# Low dose dnp fat loss cycle. Some thoughts or advice



## Sp4rky99 (Feb 13, 2013)

Hi new to the forum looking some advice or thoughts on my cycle please,

on mon I'm starting a 12 week fat loss cycle,here's my cycle,plea tell me if you think it's g2g

Mon an thurs 1.5ml tren test

t3 50 or 100mcg daily

dnp 125mg for first week

keto diet an carb up meal last meal on sun

weigh myself every sun morning

50-60min cardio 6.30am mon to fri walking dogs at night...

should I take 50 or 100 t3 daily,should take in morning empty stomach an ifs 100 take both tabs together or 12 hours apart

starting 125mg dnp if all ok upping o 250mg daily,should I take 125 every 12 hours,an wen is best time to take before bed or morning

read ausbuilt post 125/250 daily,gonna try stay on dnp 10 weeks so il have 2 weeks to clear outta my system as I'm for ayia napa

hope fully some one can let me no if looks ok or change something

thanks an sorry for all the questions

regards


----------



## Thunderstruck (Sep 20, 2010)

Its up to you at the end of the day but im getting excellent results with the following....

- 125mg of DNP in morning then again before bed.

- 100mcg of T3 as found 50mcg wasnt having enough effect - i take all in one go first thing in morning.

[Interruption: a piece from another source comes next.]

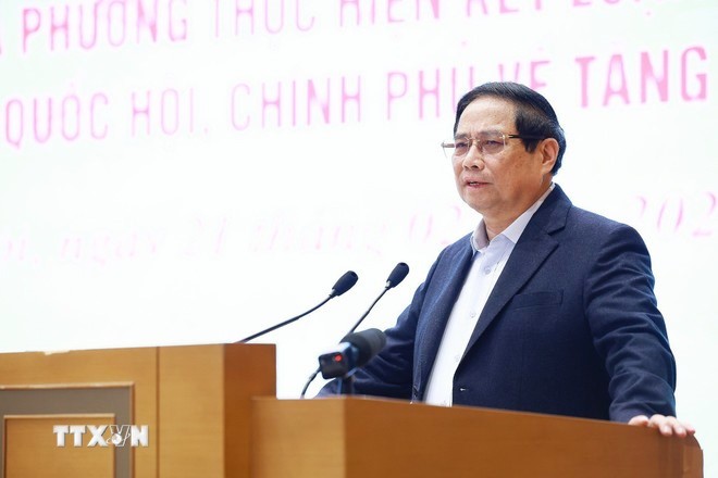 Thủ tướng Phạm Minh Chính phát biểu khai mạc hội nghị. (Ảnh: TTXVN)Thủ tướng hoan nghênh các bộ, ngành, địa phương bày tỏ quyết tâm, tính chiến đấu cao, nỗ lực, sẵn sàng và tích cực triển khai nhiệm vụ; yêu cầu các bộ, ngành, địa phương giao chỉ tiêu, nhiệm vụ cho cấp dưới trực thuộc để cả nước hoàn thành mục tiêu đề ra.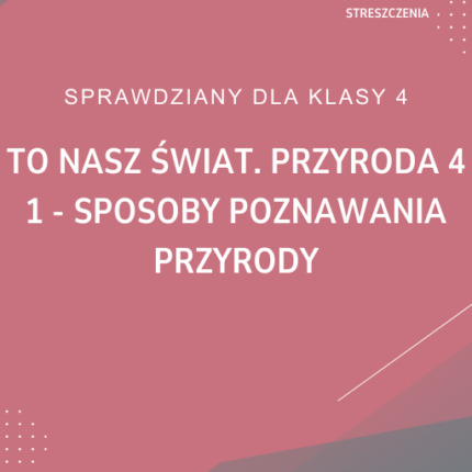 1. Sposoby poznawania przyrody SPRAWDZIAN ODPOWIEDZI To nasz świat. Przyroda 4

- Im not doing cardio yet but will be soon but still getting great results.

- low carb 6 days, high carb 1 day.

- Dont forget the taurine, electrolytes, multi vits and shed load of water each day.


----------



## Sp4rky99 (Feb 13, 2013)

Hi cheers for reply,how many weeks you been on an much you lost,an you felling ok with the dnp..think that's a good dose from wot iv been reading about an for long periods.


----------



## Thunderstruck (Sep 20, 2010)

last cycle was 3 weeks and lost 10kg.

Have just started another cycle literally on tuesday, lost 1kg so far.

Feel fine, no problems at all just a warm glow which is good as was feeling damn cold all the time.


----------



## Sp4rky99 (Feb 13, 2013)

How much taurine electrolyte muliti vit an water you takin daily,gonna weight myself every sun morning,fingers crossed all be ok..you taken any thing else with the dnp/t3


----------



## lewishart (Mar 13, 2012)

Thunderstruck said:


> last cycle was 3 weeks and lost 10kg.
> 
> Have just started another cycle literally on tuesday, lost 1kg so far.
> 
> Feel fine, no problems at all just a warm glow which is good as was feeling damn cold all the time.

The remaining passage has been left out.